• _Exercise_
Restate word for word the section of the entries that opens at the line containing "Louis Armstrong se" and closes at the line containing "Buntbemalte Flaschen, Gefäße, originelle", both lines kept, pictures dropped.

******************************

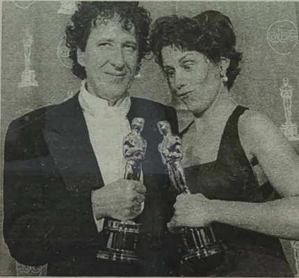
Geoffrey Rush wraz z Frances McDormand.
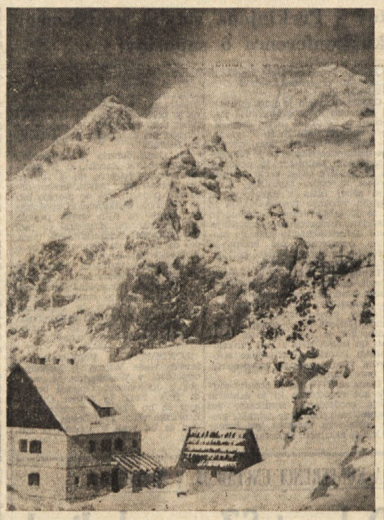
Južno pobočje Triglava nad Vodnikov kočo na Velom polju: tu so se srečali reševalci in pogumna trojica, ki je premagala Čopov steber, dosegla Dom na Kredarici in se potem spustila nazvala

Louis Armstrong se je kmalu nato odpravil na letališče «Leonardo da Vinci», kjer se je vkrcal na letalo, s katerim se je odpravil v ZDA.
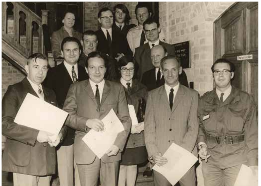
Een deel van de gediplomeerde ambulanciers met het bestuur van de plaatselijke Rode Kruisafdeling
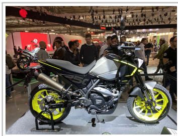
EICMA 2022: Benelli BKX 250 S.
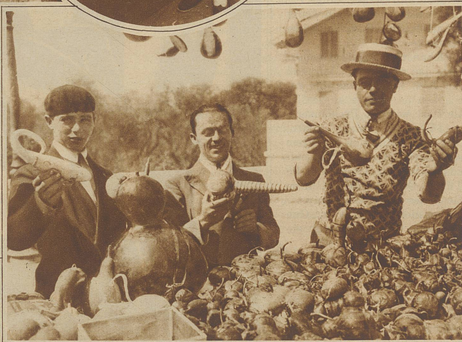
Buntbemalte Flaschen, Gefäße, originelle Figuren, alles aus Kürbissen

Hätte ihn Toby weniger geliebt, hätte sie vielleicht erwidert, daß es jetzt über ihn noch nichts zu wissen gab. Aber eines solchen Gedankens war sie nicht fähig.
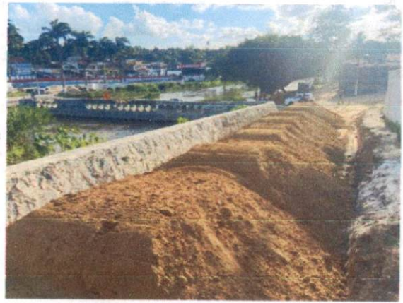
Descrição: EXECUÇÃO E COMPACTAÇÃO DE BASE E OU SUB-BASE PARA PAVIMENTAÇÃO DE SOLO (PREDOMINANTEMENTE ARENOSO) COM CIMENTO (TEOR DE 8%)
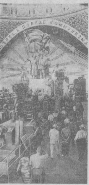
Выставка достижений народного хозяйства СССР в павильоне «Машиностроение».

Комитет разрабатывает широкий план мероприятий по проведению юбилея в Москве, столицах союзных республик, в городах и селах страны. (ТАСС).
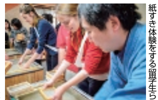
紙すき体験をする留学生ら
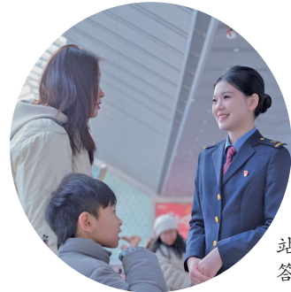
银川火车站工作人员解答乘客疑问。

******************************

• _Response to the task_
Louis Armstrong se je kmalu nato odpravil na letališče «Leonardo da Vinci», kjer se je vkrcal na letalo, s katerim se je odpravil v ZDA.
Een deel van de gediplomeerde ambulanciers met het bestuur van de plaatselijke Rode Kruisafdeling
EICMA 2022: Benelli BKX 250 S.
Buntbemalte Flaschen, Gefäße, originelle Figuren, alles aus Kürbissen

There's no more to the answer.